Mic shrugged, with a relaxed expression on his face. “Don’t worry about it! I’m sure I can give you the highlight reel while you're in town. But seriously, you had to cancel TV? You need to give it a rest!” 
“No, you have four jobs. I have no excuse–”
“Details!” Mic brushed off your response with his hand. “Y’know…” Mic’s hand went to his face to rub his chin. “You could help out with the first years with the exam. If you have time for it, it could be another paycheck and you can hang out with me,” he finished like you were a kid motivated by cookies.
You raised your eyebrow and shifted your weight to your back leg. “First you say “give it a rest” and now you want to give me more work?” He posed glamorously then switched to another with that somewhat implied you giving him a high-five, but it didn’t look quite right. “Not everyone can multitask like you, Mic.”
“I’m just saying you have the experience. You judged the licensing exams a crazy amount of times—and you mentored young heroes before.”
 “I didn’t do any judging this year, and there’s a difference between the American licensing exam and the one here. Also, those heroes already graduated from their program, and I only helped them because I had to. I’m not a good mentor, and, from what you said, I’m sure whoever’s teaching the first years are doing fine on their own.”
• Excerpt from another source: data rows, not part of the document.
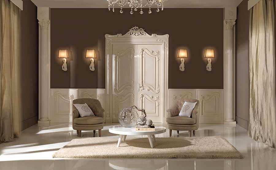 Светлые оттенки дерева, например, ясень и шампань, а также другие нюдовые и песочные цвета будут отлично сочетаться с полом, который будет хотя бы на тон темнее. Что же касается стен, то в данном случае они должны быть в очень насыщенных и темных цветах, например, в коричневом, шоколадном или бордовом, также различные узоры будут весьма кстати. Если в вашем интерьере стены нейтральных цветов, то итальянские двери лучше всего выбрать контрастного оттенка, например, цвета ольхи, вишни или темного ореха. А вот очень темные оттенки дверей могут наиболее выгодно подчеркнуть светлые стены и более темный пол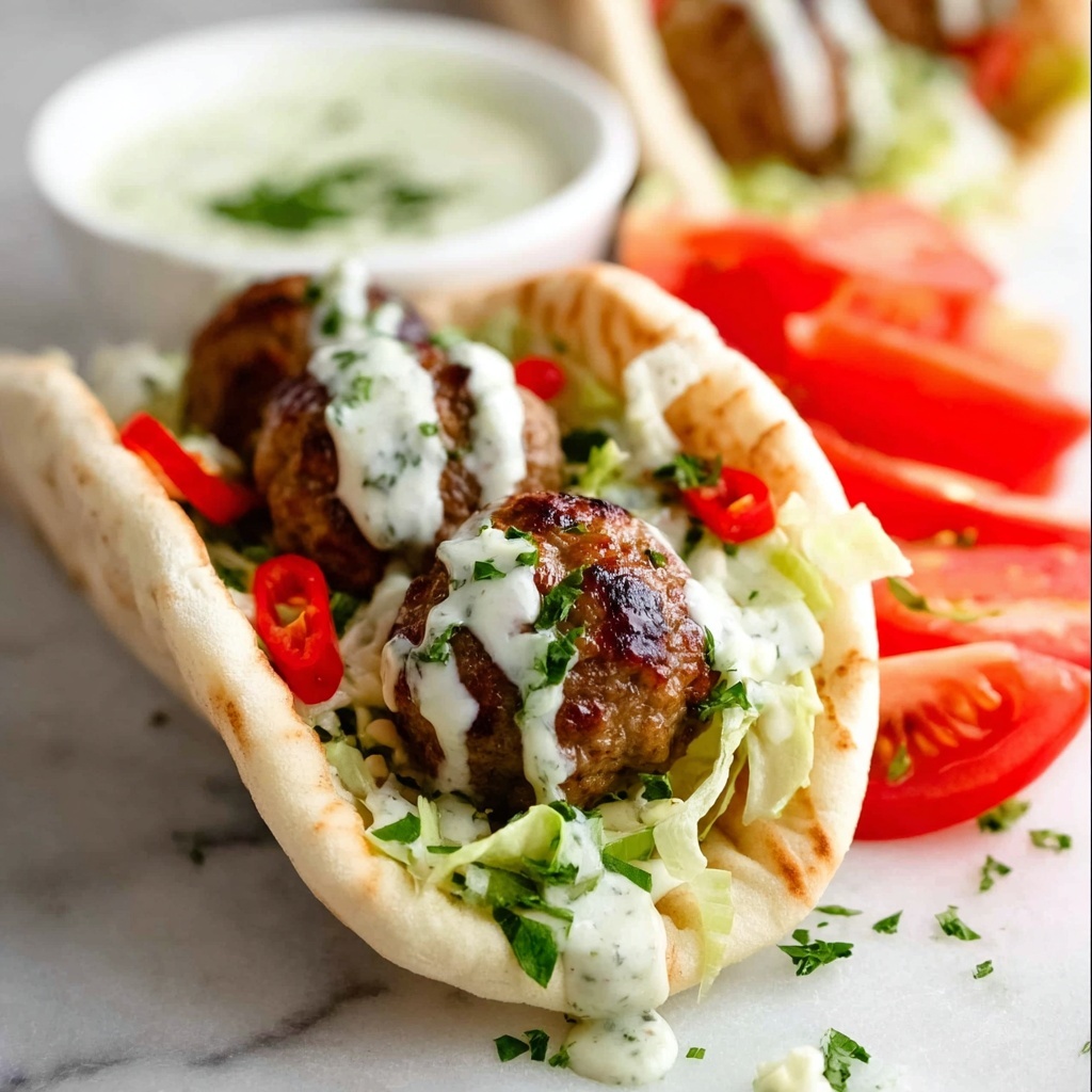 If pita pockets feel too casual, try serving the meatballs atop a bed of couscous with drizzles of yogurt sauce and garnishes on the side forming a composed plate. You could also turn this into a vibrant platter for sharing by serving the meatballs, sauce, pita, and fresh salad components separately, allowing everyone to build their own bites. This makes for a fun, relaxed meal where conversation fills the table.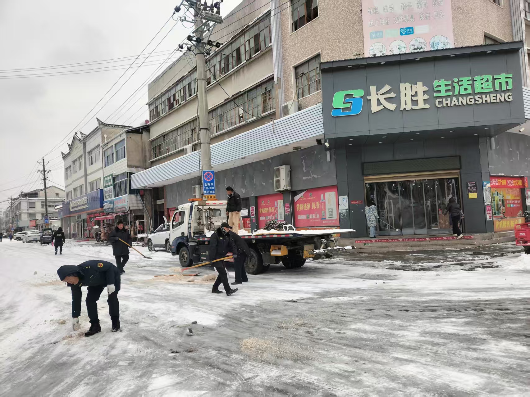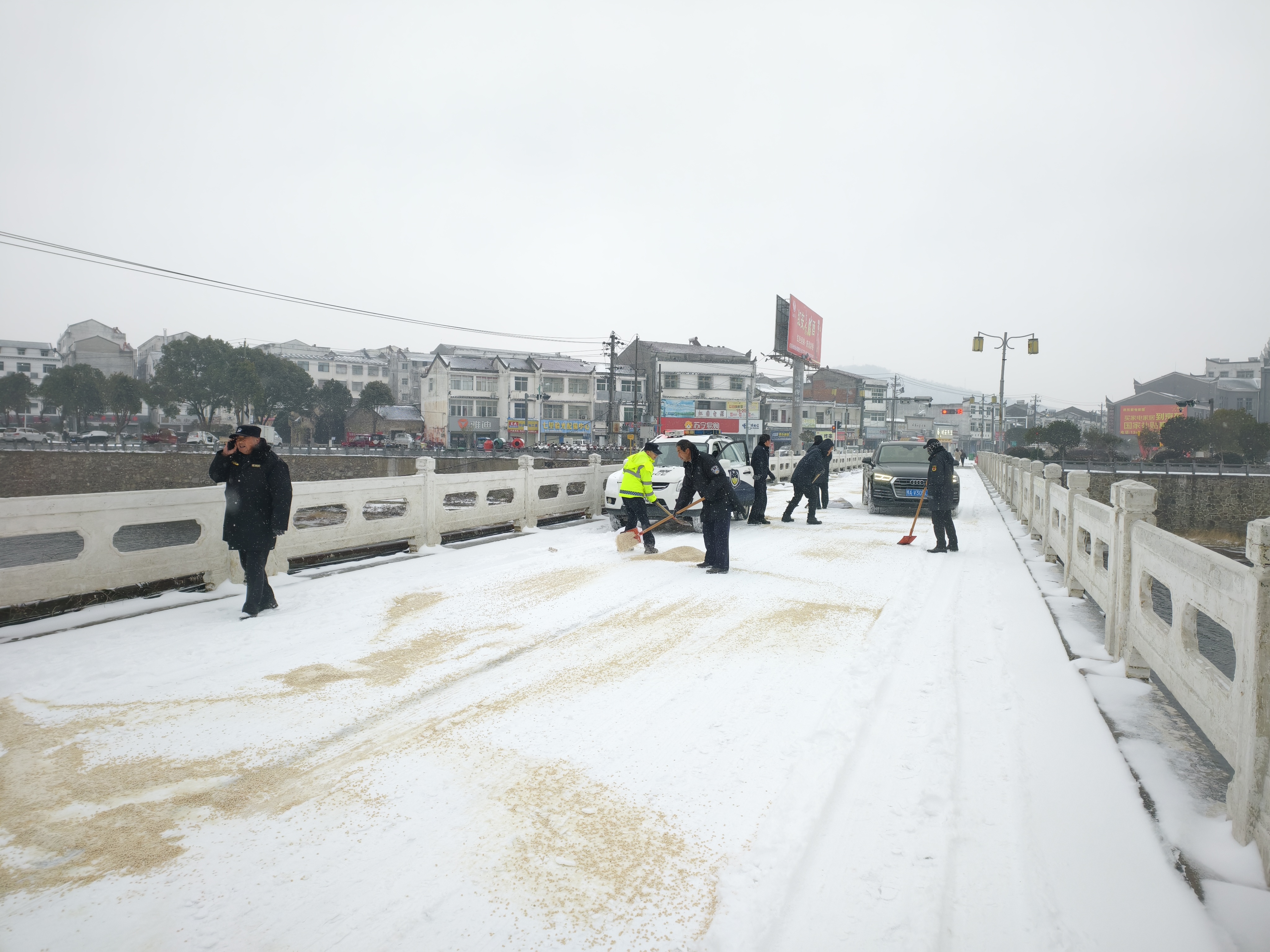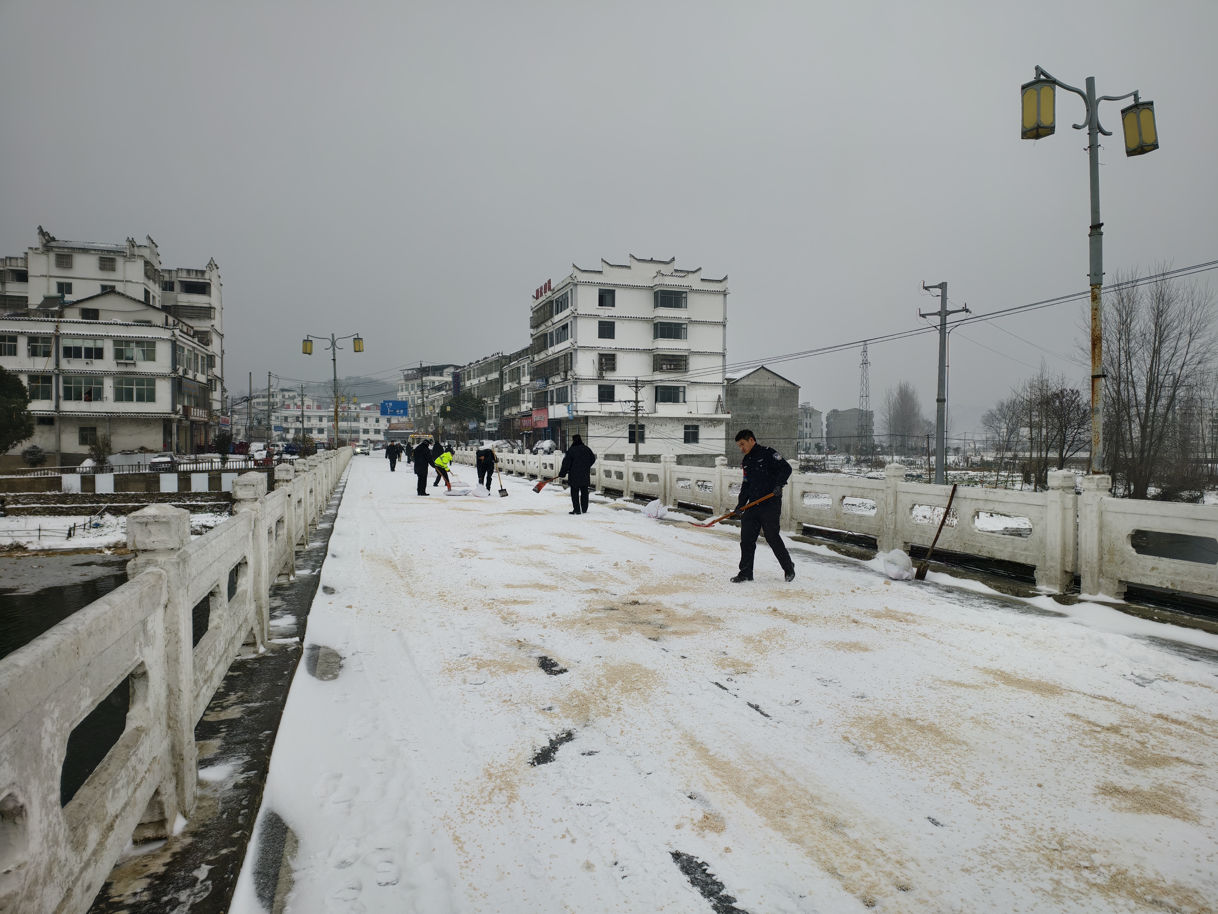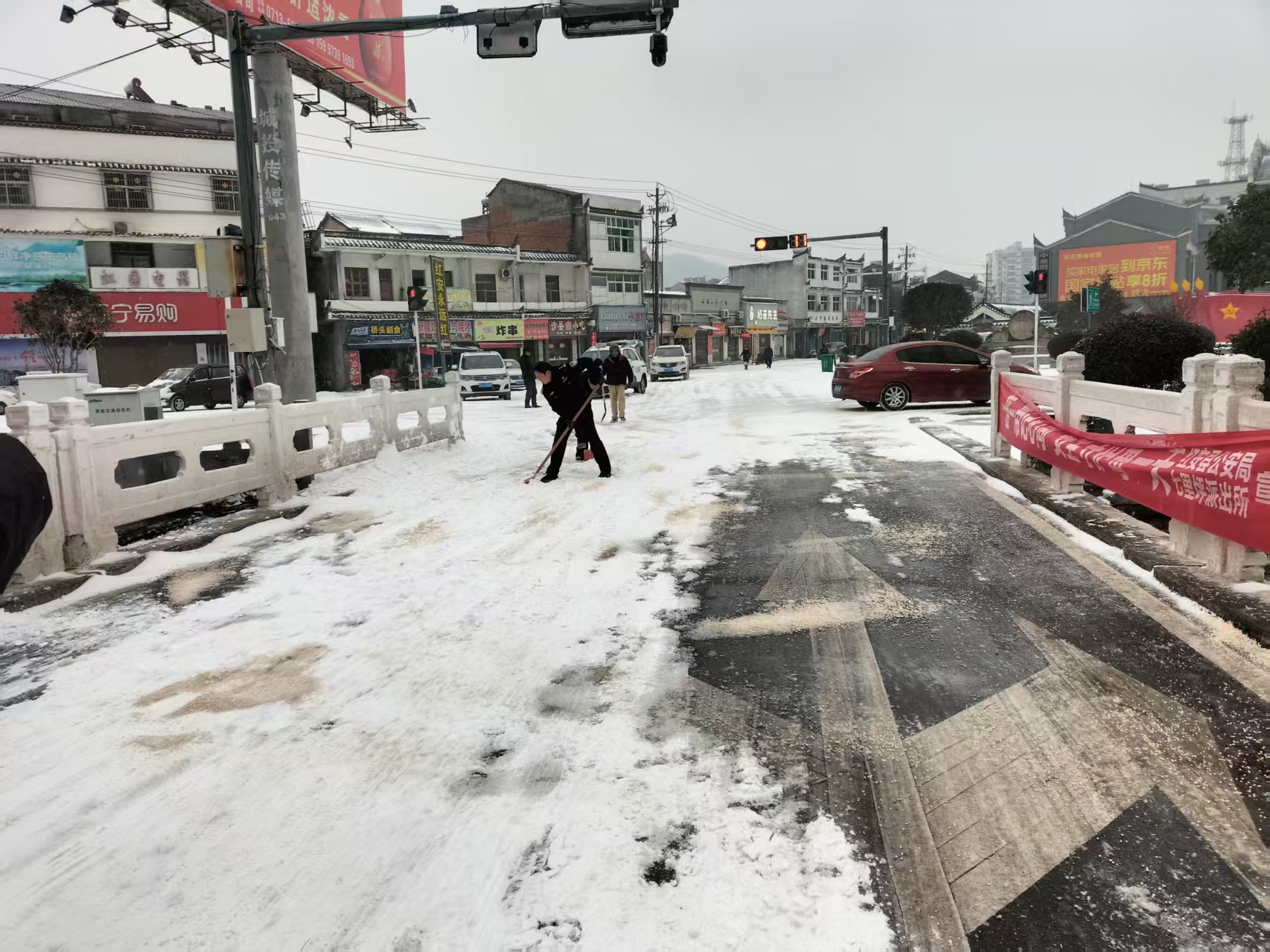 1月20日,红安县七里坪镇统筹派出所、城管等部门力量,对镇区主要主干道开展积雪集中清理作业,通过机械除雪、人工清扫、撒布融雪剂等多种方式,清除路面积雪,保障道路通行安全畅通。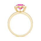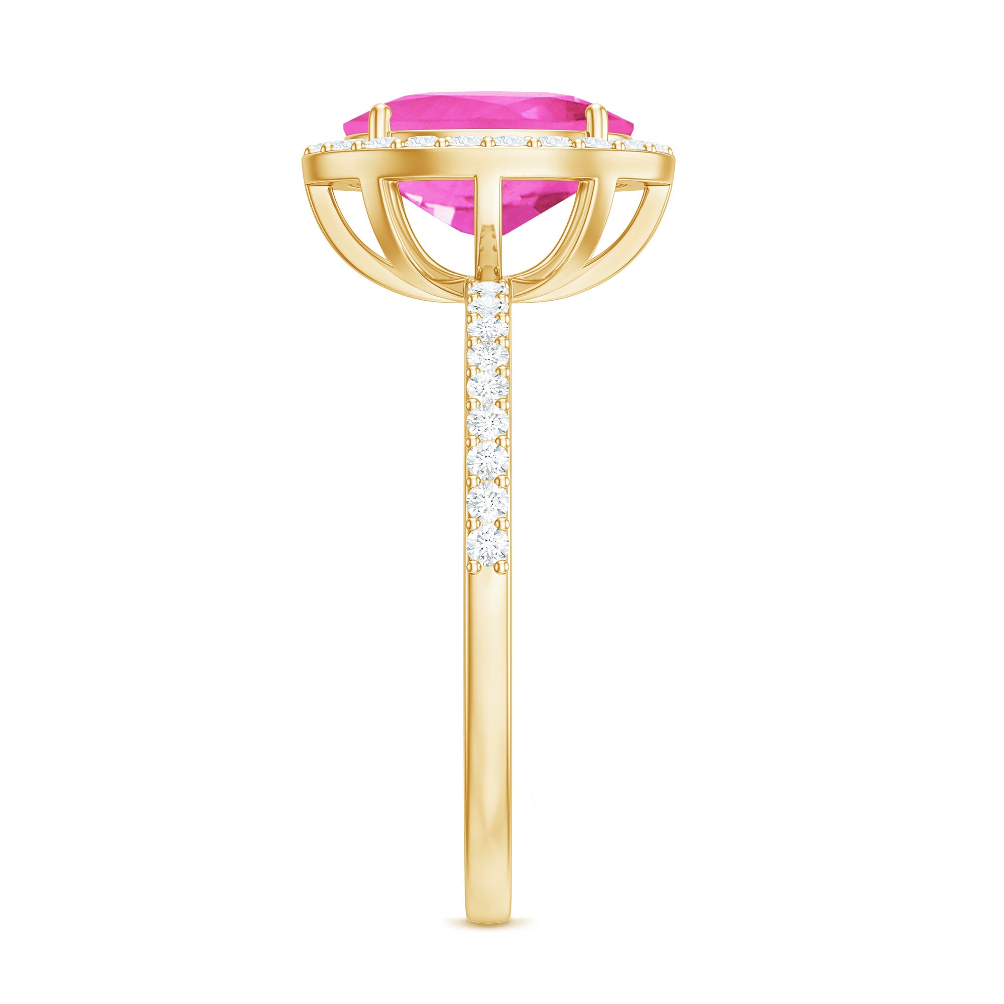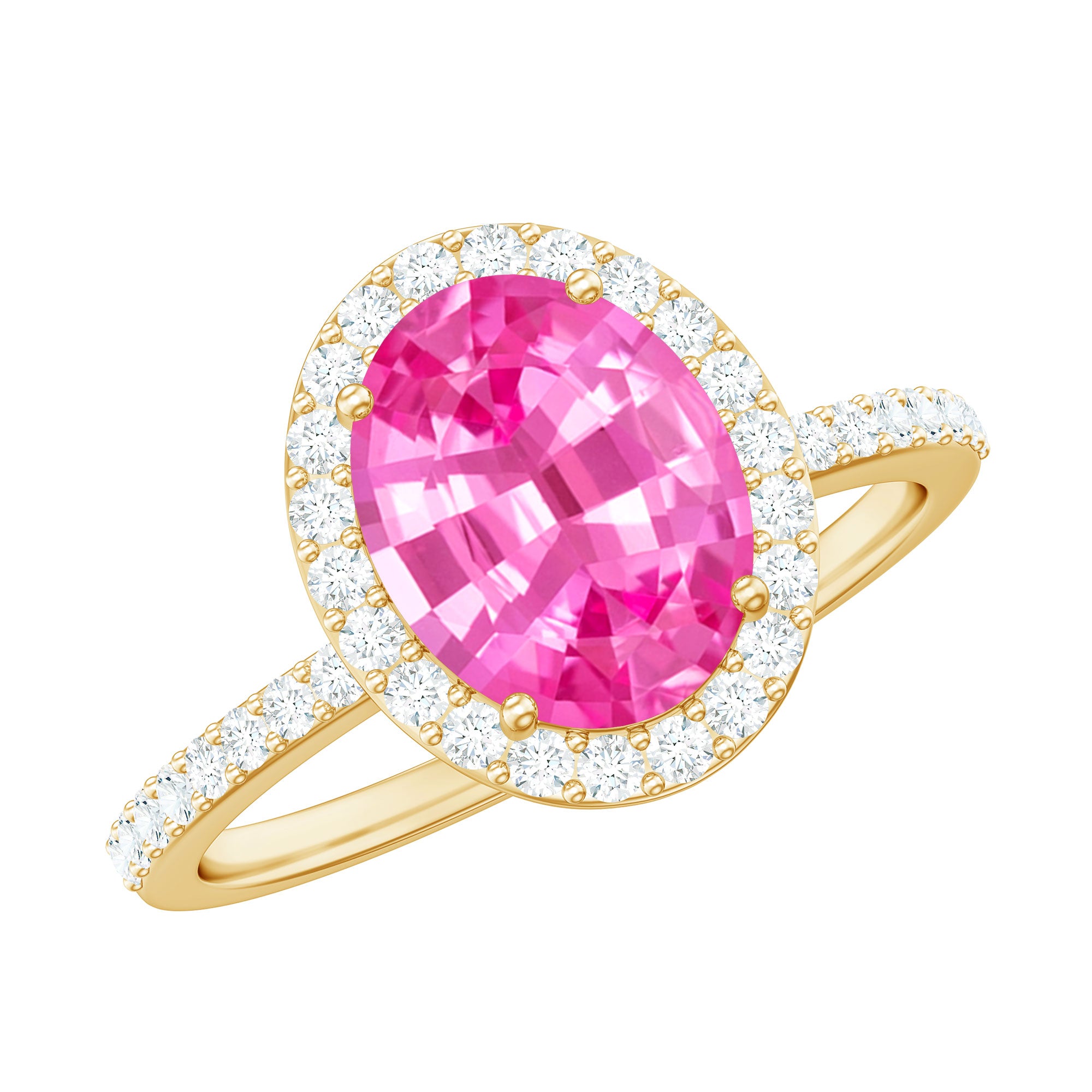 Immerse yourself in the irresistible charm of this halo engagement ring, designed to enthrall your heart. At its center lies a captivating oval lab-created Pink Sapphire, commanding attention and surrounded by a stunning Diamond halo that glistens from every perspective. This exquisite ring exudes beauty and grace, becoming a symbol of timeless sophistication and infinite love.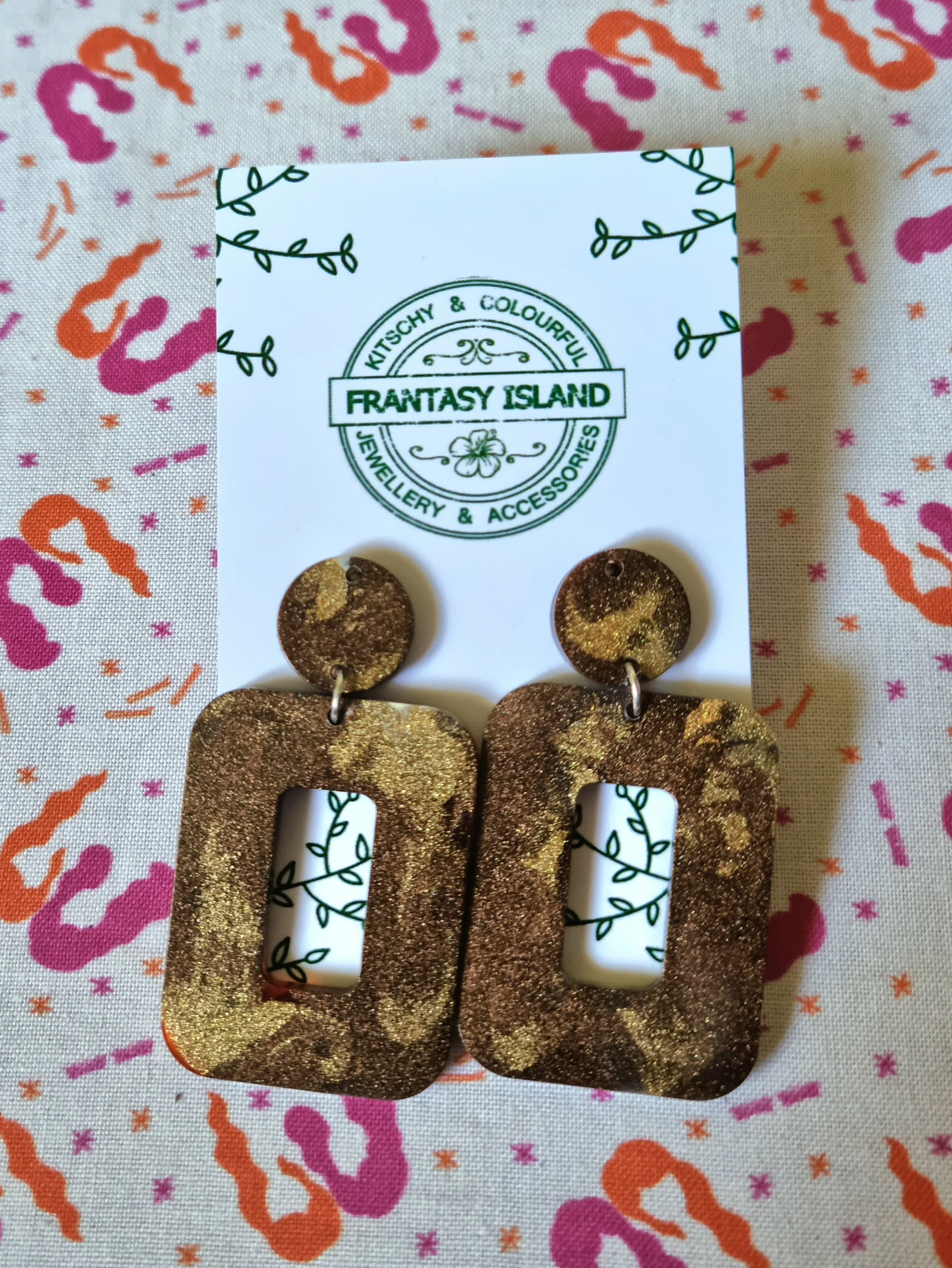 These brown and gold teardrop earrings have an exaggerated retro shape, with bright sparkly gold pigment swirled through a warm brown metallic resin - Perfect for any occasion.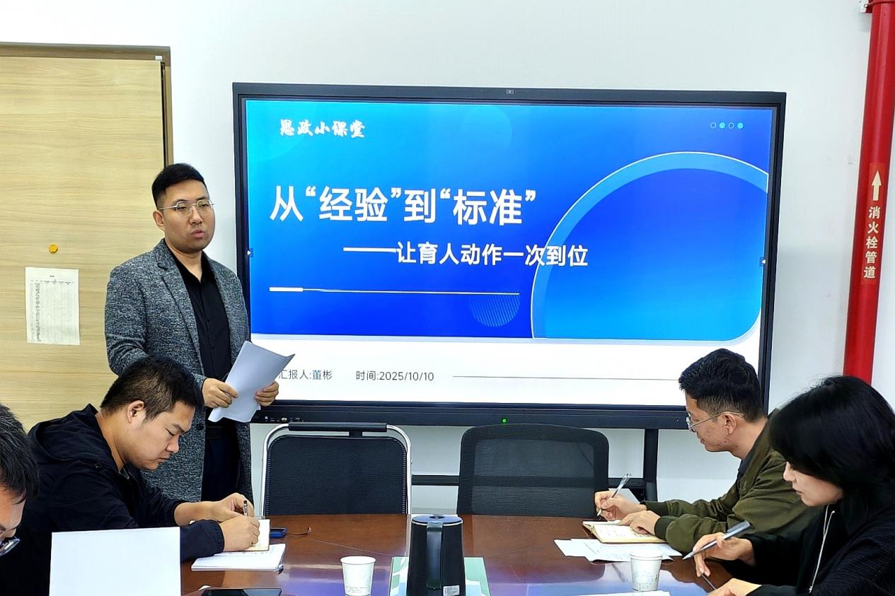 李婷指出,《标准》的学习不仅是“知规范、明职责”的过程,更是“强能力、提质效”的契机。要将《标准》内容与工作实际紧密结合,梳理工作清单,补齐能力短板,切实把“立德树人”根本任务融入日常、抓在经常。学生工作办公室主任董彬以“从‘经验’到‘标准’——让育人动作一次到位”为主题领学了文件内容,从政策背景与实施目标、工作内容与量化标准、制度落实与考核机制等方面出发,学习了辅导员日常工作的“责任清单”与“操作规范”,全体辅导员围绕《标准》内容结合实际工作中遇到的问题展开了交流。

Mic paused with his mouth slightly open. His teeth clenched. “About that–”
A colorful blur caught the corner of your eye, but it was too late. A massive weight slammed into your body. The briefcase flew from your hand. What the hell! Your throat squeezed, choking down any sound you could’ve made. First there was shock. Then fire. Then pain. Every. Single. Type. 
Everything burned and your bones rattled you from the inside. You had to get this off! You wrapped your arms around, ready to pick up and throw it down the next floor. 
Your shoulder shrieked back at the embrace, your legs weren’t fairing with the shift either. In this split-second processing of your senses, it was apparent the weight was particularly squishy in certain places. It had purple hair as well, and she was absolutely thrilled to see you.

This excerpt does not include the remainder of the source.